Why can't 1 be considered a prime number?

The exclusion of 1 from the set of prime numbers is a fundamental convention in number theory, established not because of a failure to meet a simplistic definition, but to preserve the foundational structure and utility of the entire mathematical system. At its core, the modern definition of a prime number is an integer greater than 1 that is divisible only by 1 and itself. This seemingly minor stipulation of being greater than 1 is the critical gatekeeper. The rationale is profoundly practical: if 1 were prime, it would force the restatement of the Fundamental Theorem of Arithmetic, which states that every integer greater than 1 can be represented uniquely as a product of prime numbers, up to the order of the factors. This theorem is the cornerstone of arithmetic. Including 1 as a prime would destroy this uniqueness, as any number's prime factorization could then be extended indefinitely by multiplying by an arbitrary number of 1s (e.g., 6 = 2 × 3, but also 1 × 2 × 3, 1 × 1 × 2 × 3, and so on). To maintain the theorem's concise power and avoid constant, trivial exceptions, mathematicians have universally defined primes to start at 2.
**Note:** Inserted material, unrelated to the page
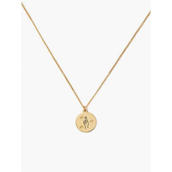 Description: remember: things will be okay! this shiny rose gold-tone necklace with a crossed fingers pendant will serve as a daily reminder.

The decision is rooted in considerations of elegance and function, not arbitrariness. From a definitional perspective, the purpose of identifying primes is to understand the multiplicative building blocks of the integers—the atoms of multiplication that cannot be broken down further. The number 1 acts as the multiplicative identity; it is the neutral element that, when multiplied, leaves other numbers unchanged. Classifying this identity element as a building block alongside genuine primes like 2, 3, and 5 would be conceptually messy. It would blur the distinction between an operator and an operand within the system. Furthermore, many theorems and algorithms in number theory and cryptography rely on clean prime factorizations. For instance, the efficiency of public-key encryption systems depends on the difficulty of factoring numbers into a unique set of primes. If 1 were prime, every statement about factorization would require a cumbersome caveat to exclude it, adding no meaningful information while complicating proofs and computations.

Examining the historical context reveals that this was not always a settled matter. Some 19th-century mathematicians, including the influential figure of Henri Lebesgue, occasionally listed 1 as a prime. However, as the field matured and the centrality of the Fundamental Theorem of Arithmetic became undeniable, the mathematical community converged on the modern definition by the early 20th century. This consensus was driven by the collective recognition that the benefits of a streamlined theoretical framework far outweighed any perceived symmetry in allowing 1. The exclusion is thus a paradigmatic example of how definitions in mathematics are crafted to optimize the coherence and power of the resulting theory, not merely to catalog objects based on a superficial property.

Consequently, the status of 1 is a deliberate and necessary choice for the integrity of number theory. It ensures that primes serve their intended purpose as the fundamental, indivisible components of numbers under multiplication, and it safeguards the uniqueness of prime factorization. This convention allows mathematicians to state powerful results cleanly and build more complex structures upon a stable and unambiguous foundation. The question of why 1 is not prime is therefore answered by looking at the broader architectural needs of mathematics itself; the definition is a tool crafted for utility, and including 1 would render that tool blunt and inefficient for its most critical tasks.